Try it: Print the lines below from the line with "The most popular" to the line with "Video Output Connectors: 1x" exactly, keeping both ends, and print no pictures.

------

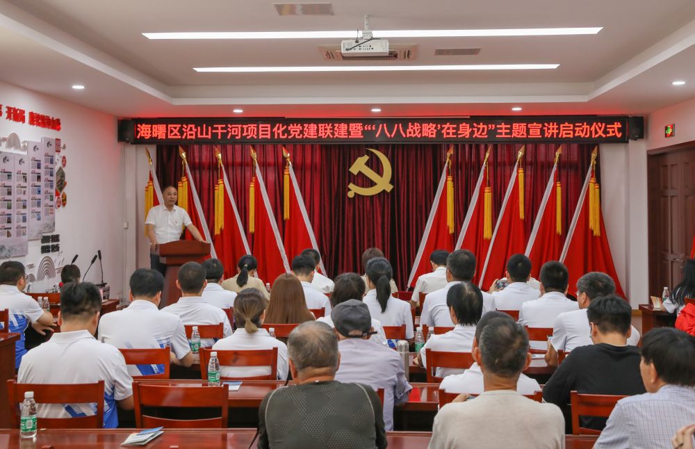 近日,海曙區(qū)直機關(guān)工委和區(qū)水利局以“五最黨建”為引領(lǐng),在集士港鎮(zhèn)岳童村文化禮堂舉行沿山干河項目化黨建聯(lián)建暨“‘八八戰(zhàn)略’在身邊”主題宣講啟動儀式,我院作為沿山干河項目參建單位、活動的承辦方參與了啟動儀式。我院黨總支書記、副院長王洪霞,工程設(shè)計項目組及青年黨員代表十余人參加了上述活動。
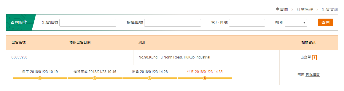 輸入出貨或採購編號、幣別、訂單狀態等條件,即可一覽到貨進度並下載出貨單
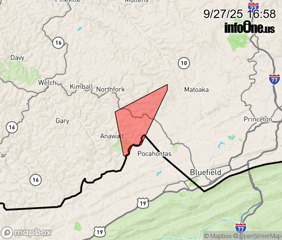 Canceled 9/27/25 5:00 PM Severe Thunderstorm Warning issued September 27 at 4:57PM EDT until September 27 at 5:00PM EDT by NWS Charleston WV The storm which prompted the warning has weakened below severe limits, and no longer poses an immediate threat to life or property. Therefore, the warning will be allowed to expire. However, small hail, gusty winds and heavy rain are still possible with this thunderstorm. To report severe weather, contact your nearest law enforcement agency. They will relay your report to the National Weather Service Charleston West Virginia. ![]() |
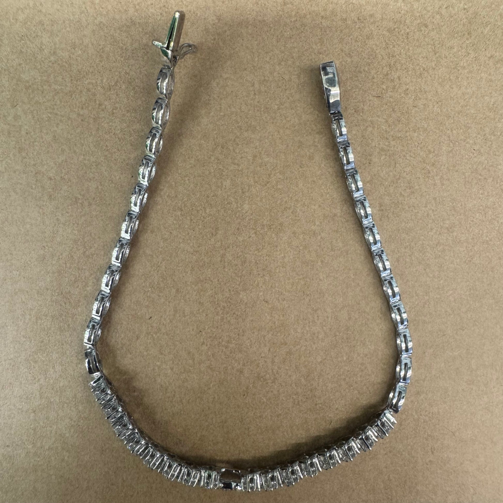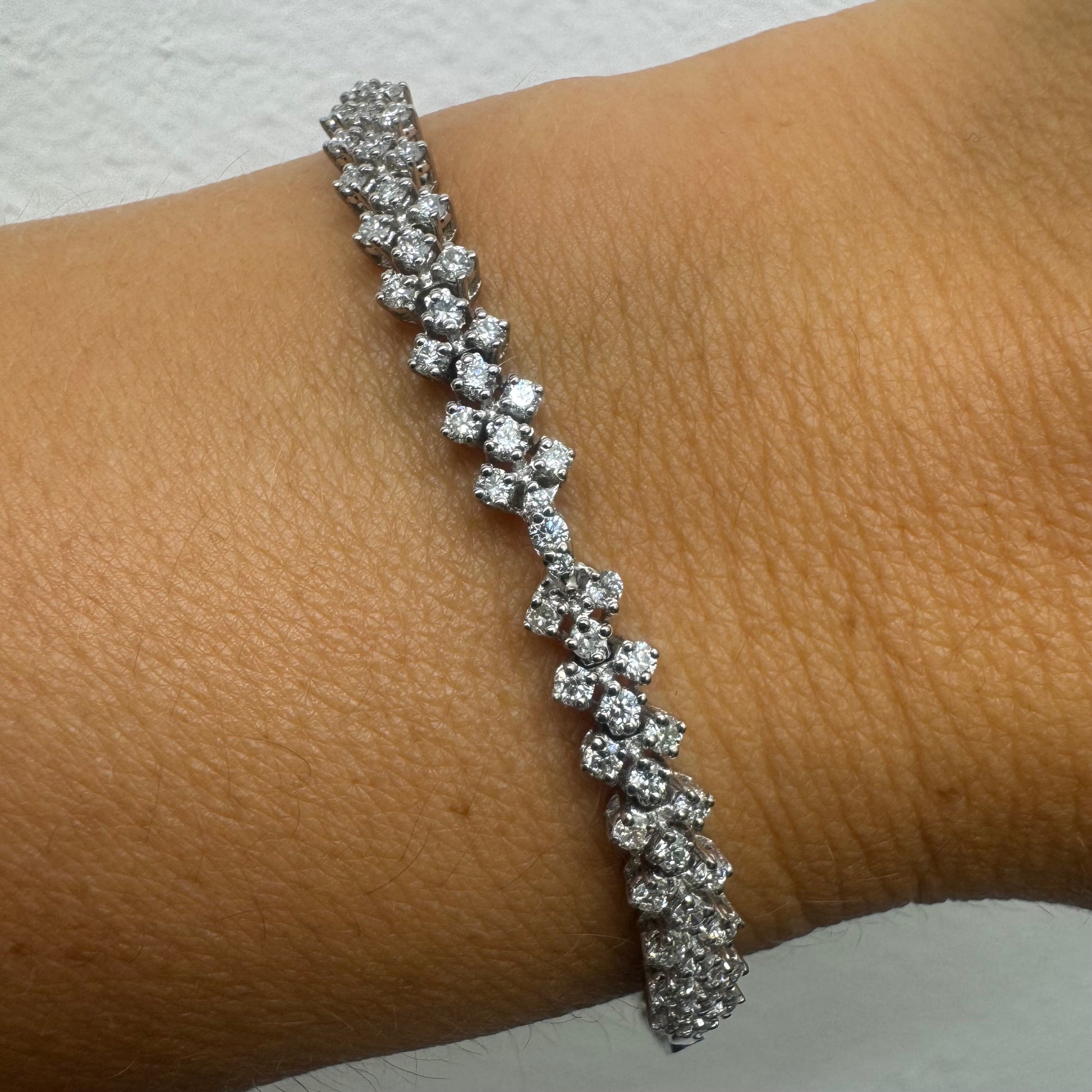 צמיד זהב לבן 14 קראט משובץ יהלומים לבנים בעיצוב פרחוני אלגנטי.
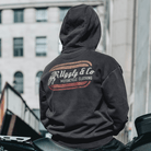 Introducing the Black Flattrack Hoodie, a tribute to vintage racing culture and handcrafted design. This hoodie is part of Flattrack Collection 1.0 (March 25'), featuring a unique, hand-sketched illustration of a flattrack rider in a signature sliding stance—drawn from historic race photographs to capture the raw energy of the sport.
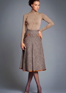 The most popular models of warm MIDI skirts are the “pencil”, “trapeze”, “sun” and “half-sun”, as well as the “bell”. Such styles are very feminine, they perfectly emphasize all the advantages of appearance, provided that the model is selected according to the type of figure. Skirts made of dense materials look good on a wide yoke or corset belt.
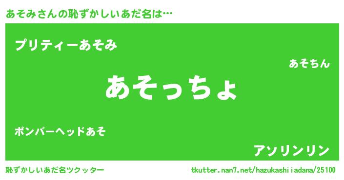 | 意味不明あだ名 | 『あそみフォーエバー』『ペロリンあそみ』 |
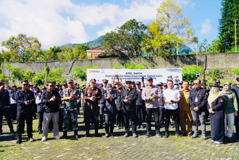 KABUPATEN MOJOKERTO | B-news.id - Bupati pimpin apel siaga Pemilu 2024 jajaran Bawaslu Kabupaten Mojokerto mulai dari Panitia Pengawas Pemilu Kecamatan (Panwascam) hingga Pengawas Pemilu Kelurahan dan Desa (PKD). Kegiatan apel siaga ini dilaksanakan di Paseban Agung Trawas Kabupaten Mojokerto pada Senin (12/2) pagi.
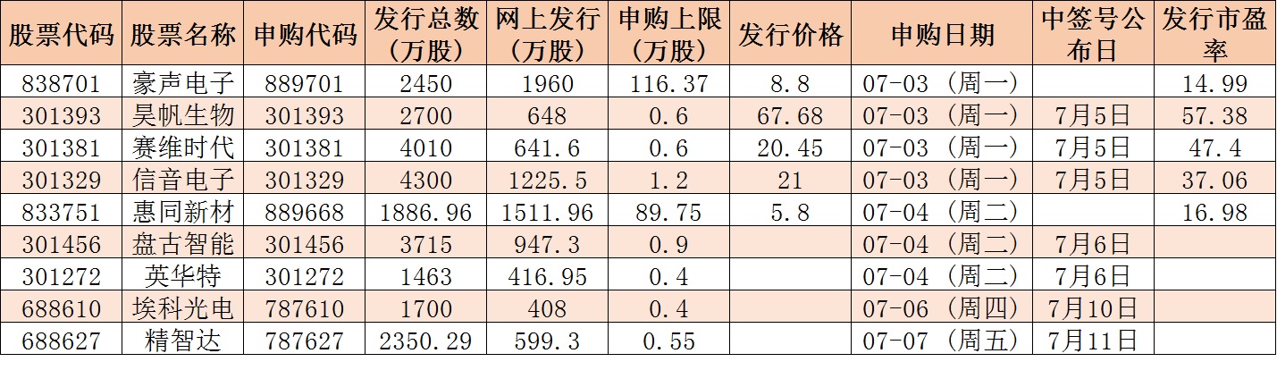 根據發行安排,下周(7月3日-7月7日)A股市場共9只新股發行,其中創業板5只,科創板2只,北交所2只。
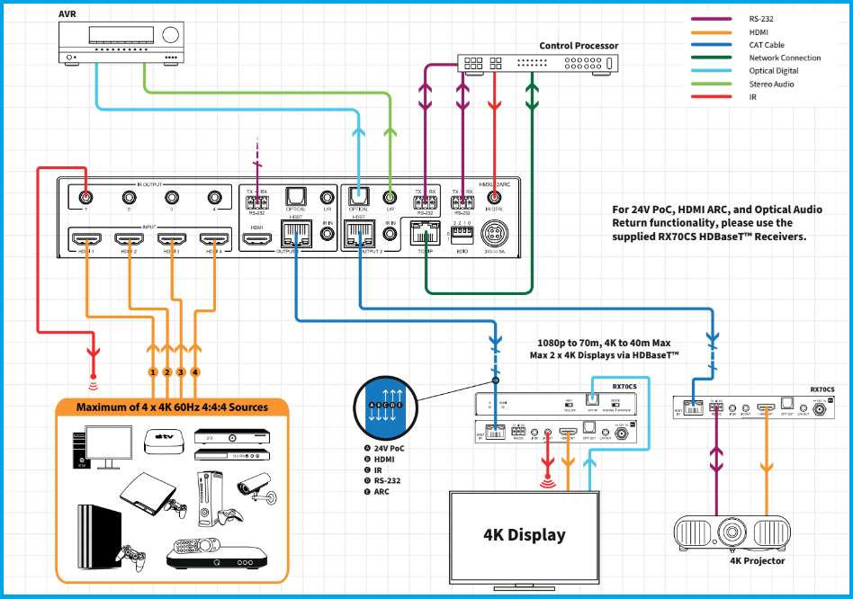 Video Output Connectors: 1x HDMI Type A, 19-pin, Female, 2x HDBaseT™ RJ45 Connector
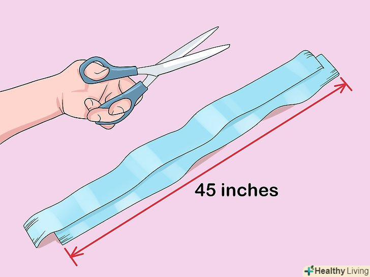 Розріжте стрічку навпіл.купуйте спеціальну стрічку в магазині товарів для балету. Коли ви розріжете її навпіл, кожен з відрізів матиме довжину приблизно 115 сантиметрів.[5]
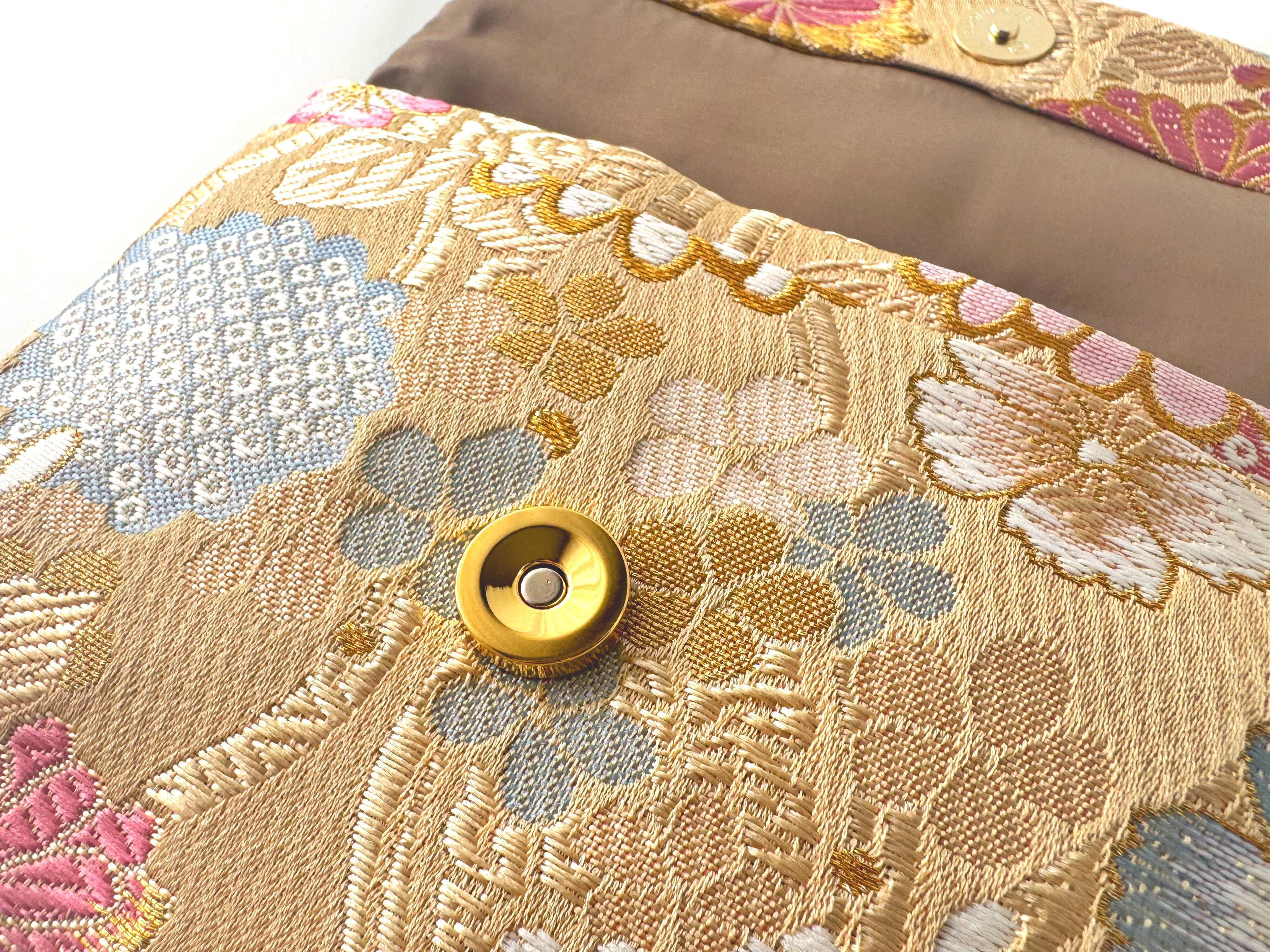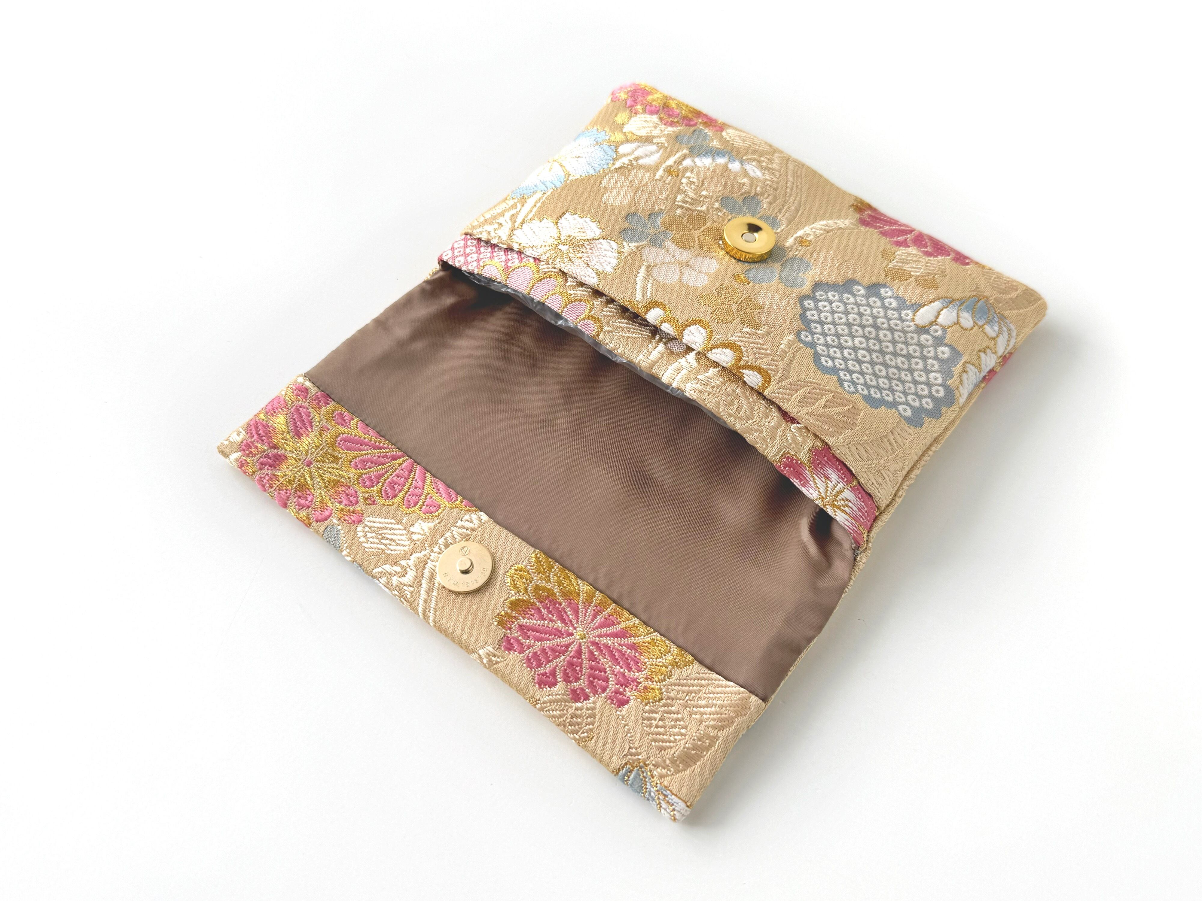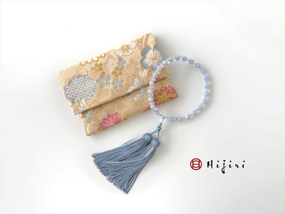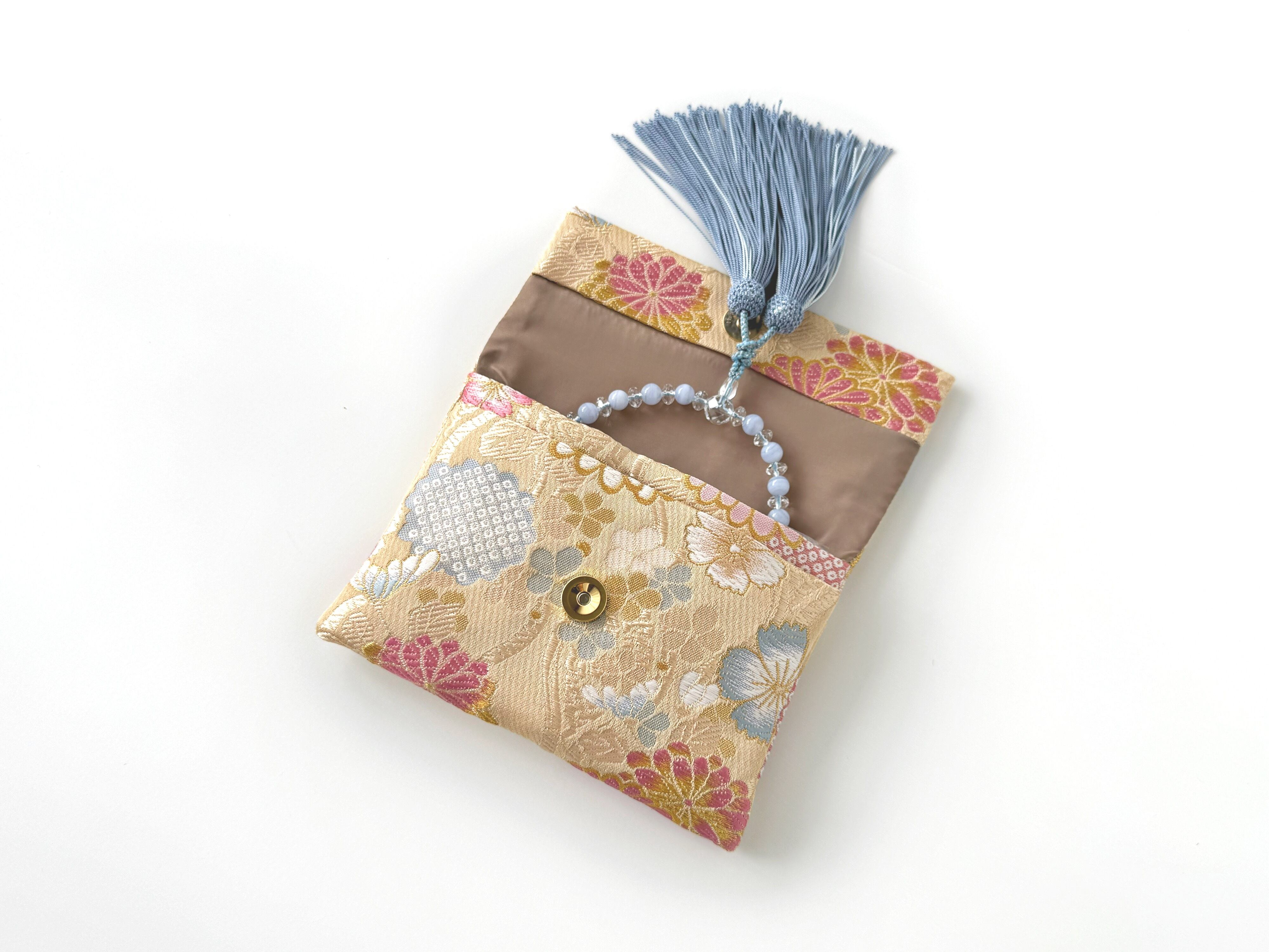 再販‼︎ お念珠入れ ポケット付き 高級金襴…菊桜鹿の子 ベージュ《送料無料》

------

Finished task:
 The most popular models of warm MIDI skirts are the “pencil”, “trapeze”, “sun” and “half-sun”, as well as the “bell”. Such styles are very feminine, they perfectly emphasize all the advantages of appearance, provided that the model is selected according to the type of figure. Skirts made of dense materials look good on a wide yoke or corset belt.
 | 意味不明あだ名 | 『あそみフォーエバー』『ペロリンあそみ』 |
 KABUPATEN MOJOKERTO | B-news.id - Bupati pimpin apel siaga Pemilu 2024 jajaran Bawaslu Kabupaten Mojokerto mulai dari Panitia Pengawas Pemilu Kecamatan (Panwascam) hingga Pengawas Pemilu Kelurahan dan Desa (PKD). Kegiatan apel siaga ini dilaksanakan di Paseban Agung Trawas Kabupaten Mojokerto pada Senin (12/2) pagi.
 根據發行安排,下周(7月3日-7月7日)A股市場共9只新股發行,其中創業板5只,科創板2只,北交所2只。
 Video Output Connectors: 1x HDMI Type A, 19-pin, Female, 2x HDBaseT™ RJ45 Connector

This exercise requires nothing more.